**** RECORDED INFORMATION
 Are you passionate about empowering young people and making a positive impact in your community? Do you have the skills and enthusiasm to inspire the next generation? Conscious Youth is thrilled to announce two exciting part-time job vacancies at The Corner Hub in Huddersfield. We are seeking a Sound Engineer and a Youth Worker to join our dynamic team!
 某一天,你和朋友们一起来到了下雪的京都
********
**** RECORDED INFORMATION
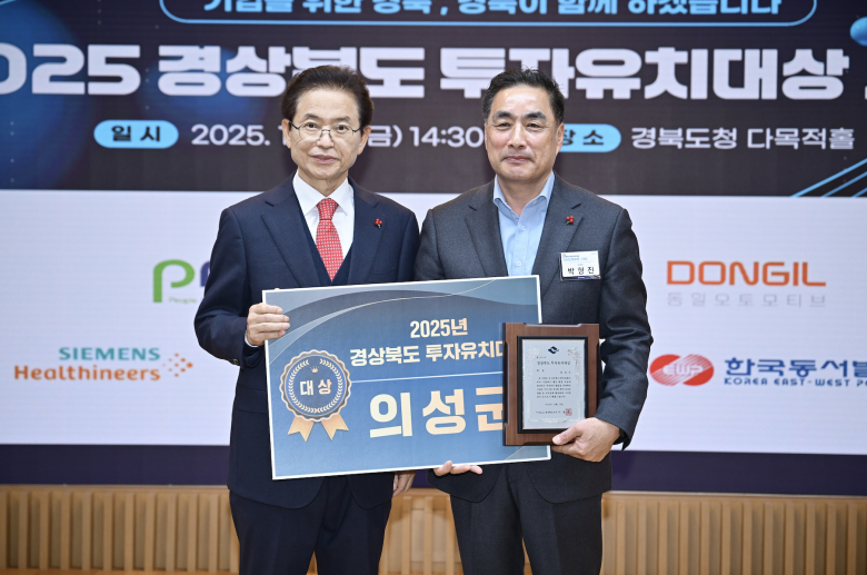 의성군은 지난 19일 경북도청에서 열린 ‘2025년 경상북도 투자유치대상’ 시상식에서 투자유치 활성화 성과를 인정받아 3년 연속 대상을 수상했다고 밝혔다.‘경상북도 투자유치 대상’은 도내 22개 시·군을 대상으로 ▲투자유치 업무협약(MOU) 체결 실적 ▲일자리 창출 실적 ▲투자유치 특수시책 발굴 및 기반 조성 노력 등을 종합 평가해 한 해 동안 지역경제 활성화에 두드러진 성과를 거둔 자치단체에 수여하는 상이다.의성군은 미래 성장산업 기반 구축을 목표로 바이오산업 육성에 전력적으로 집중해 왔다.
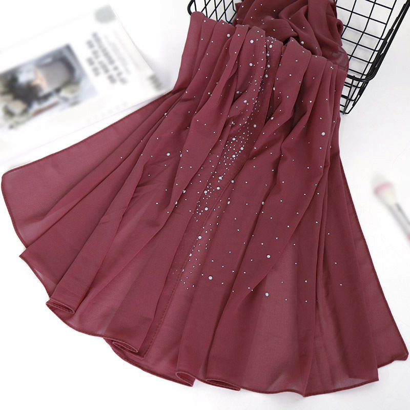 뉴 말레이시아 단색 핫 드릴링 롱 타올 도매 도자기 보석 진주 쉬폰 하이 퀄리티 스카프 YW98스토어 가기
********
**** RECORDED INFORMATION
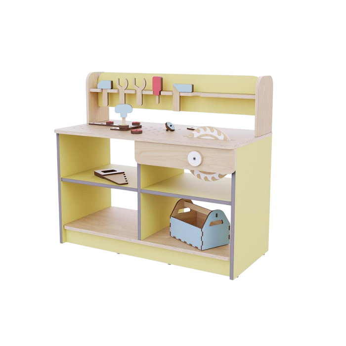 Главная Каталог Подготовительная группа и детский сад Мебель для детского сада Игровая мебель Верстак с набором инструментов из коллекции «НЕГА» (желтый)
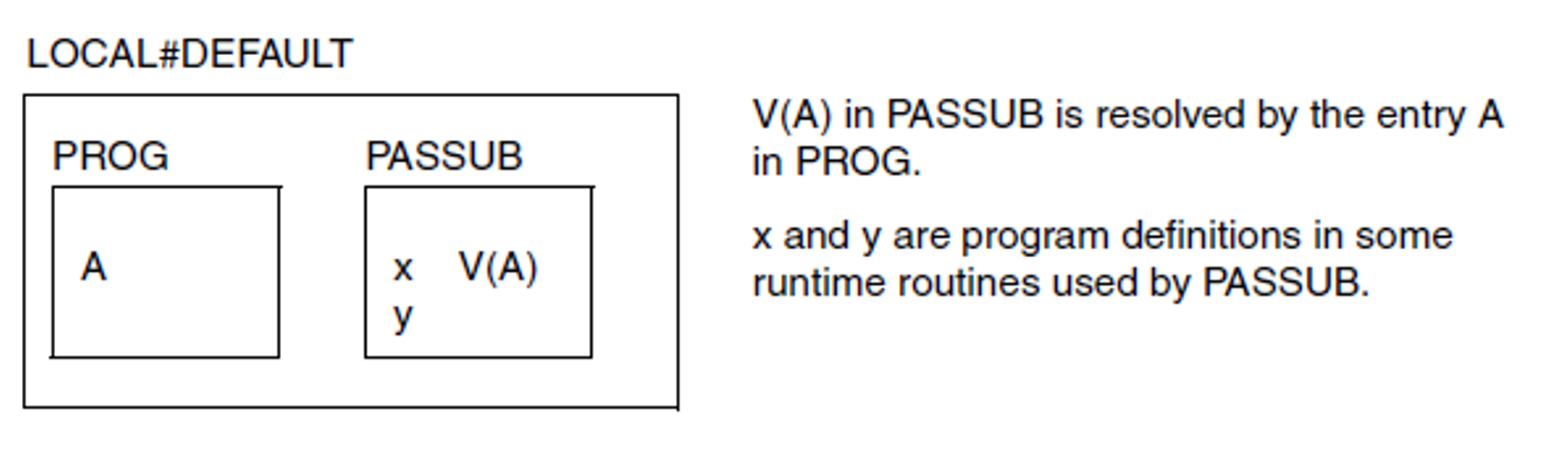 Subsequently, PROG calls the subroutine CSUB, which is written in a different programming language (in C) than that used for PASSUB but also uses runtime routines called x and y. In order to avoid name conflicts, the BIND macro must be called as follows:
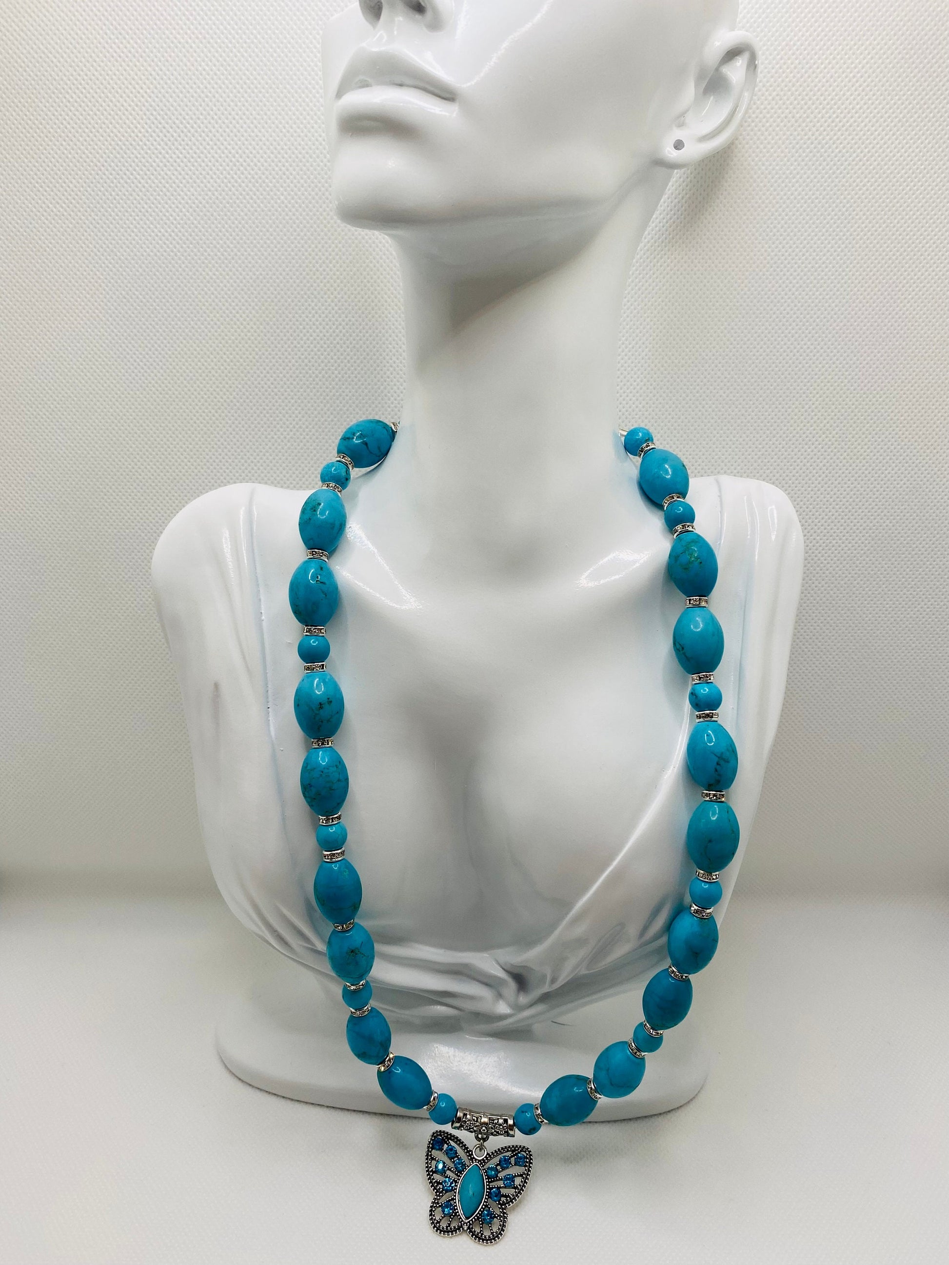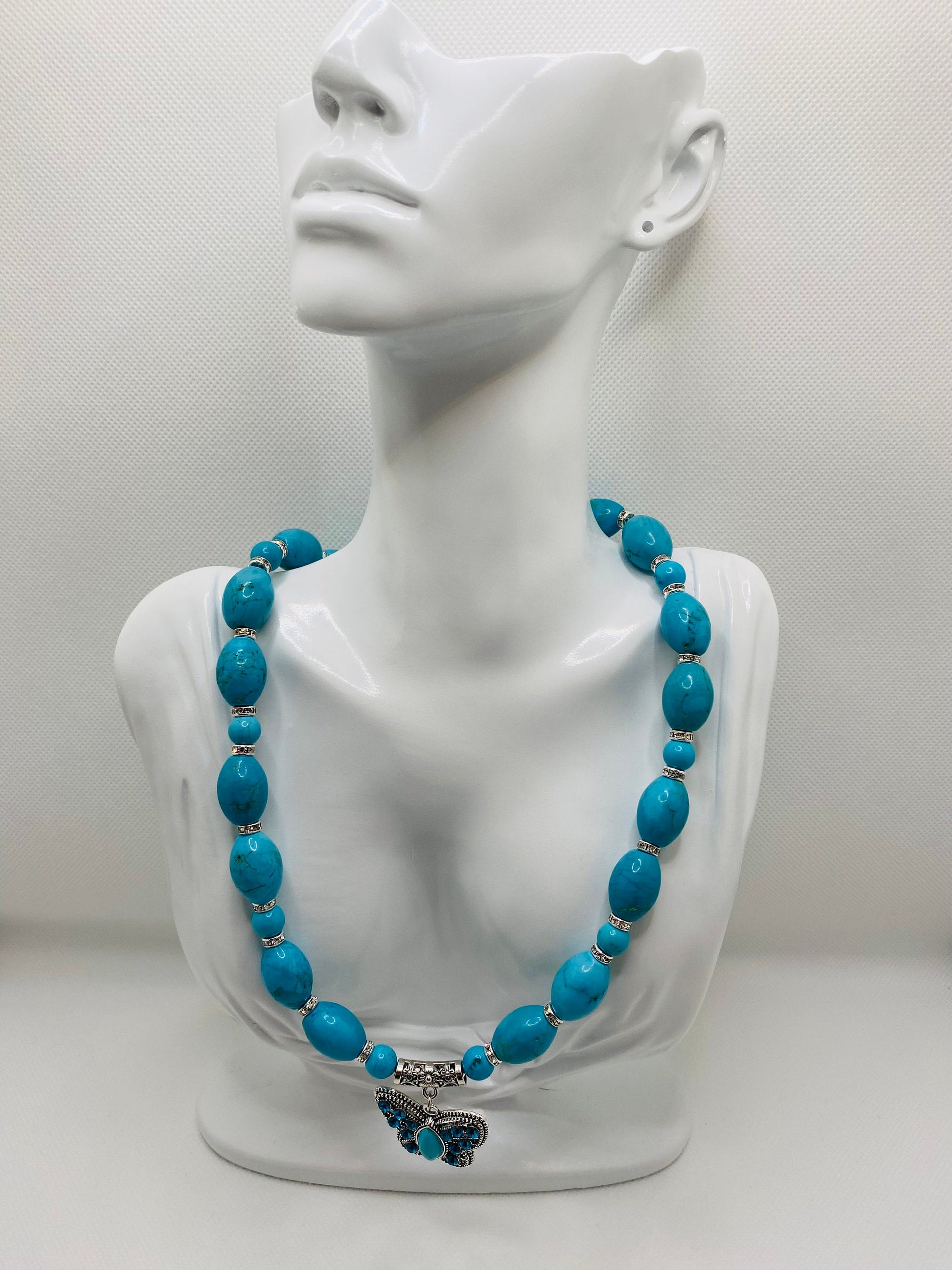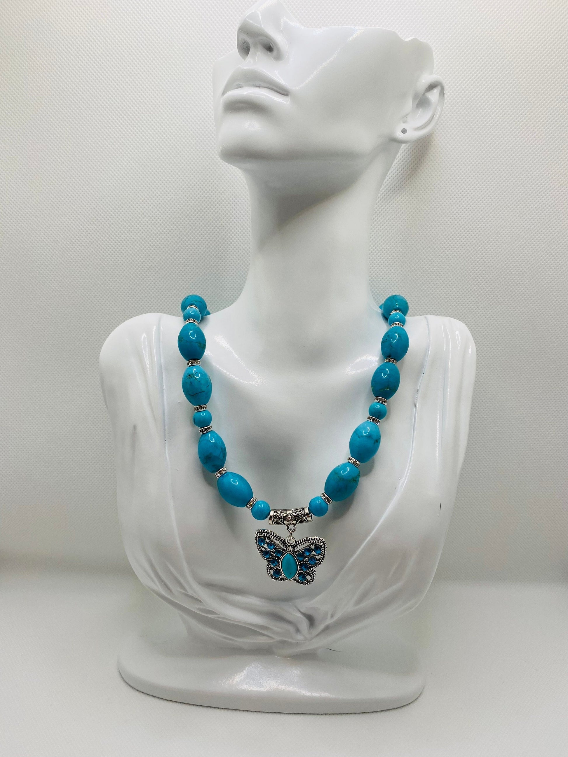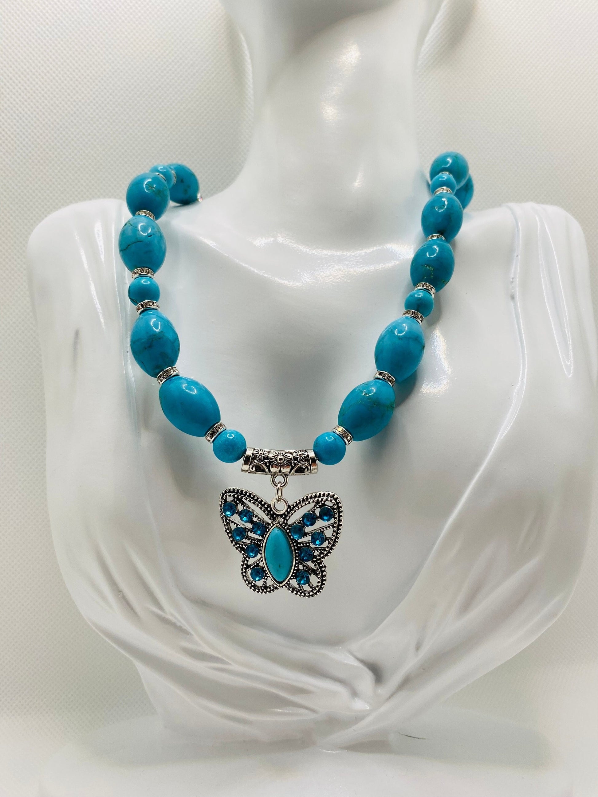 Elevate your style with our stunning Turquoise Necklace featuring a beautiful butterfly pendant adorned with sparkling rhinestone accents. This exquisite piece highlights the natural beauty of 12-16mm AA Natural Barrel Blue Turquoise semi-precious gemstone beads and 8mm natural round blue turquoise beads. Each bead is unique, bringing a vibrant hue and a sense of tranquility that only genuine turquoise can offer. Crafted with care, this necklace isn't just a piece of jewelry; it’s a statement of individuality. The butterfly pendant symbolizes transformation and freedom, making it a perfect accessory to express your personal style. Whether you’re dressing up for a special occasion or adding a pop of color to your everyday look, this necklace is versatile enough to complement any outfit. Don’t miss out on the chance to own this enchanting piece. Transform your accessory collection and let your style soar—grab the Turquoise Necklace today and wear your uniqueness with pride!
********
INSTRUCTIONS TO FOLLOW -> Would you retype the lines above from the one with "Are you passionate" down to the one with "某一天,你和朋友们一起来到了下雪的京都", word for word, both ends included and no other lines?

RESPONSE TO THE EXERCISE ->
 Are you passionate about empowering young people and making a positive impact in your community? Do you have the skills and enthusiasm to inspire the next generation? Conscious Youth is thrilled to announce two exciting part-time job vacancies at The Corner Hub in Huddersfield. We are seeking a Sound Engineer and a Youth Worker to join our dynamic team!
 某一天,你和朋友们一起来到了下雪的京都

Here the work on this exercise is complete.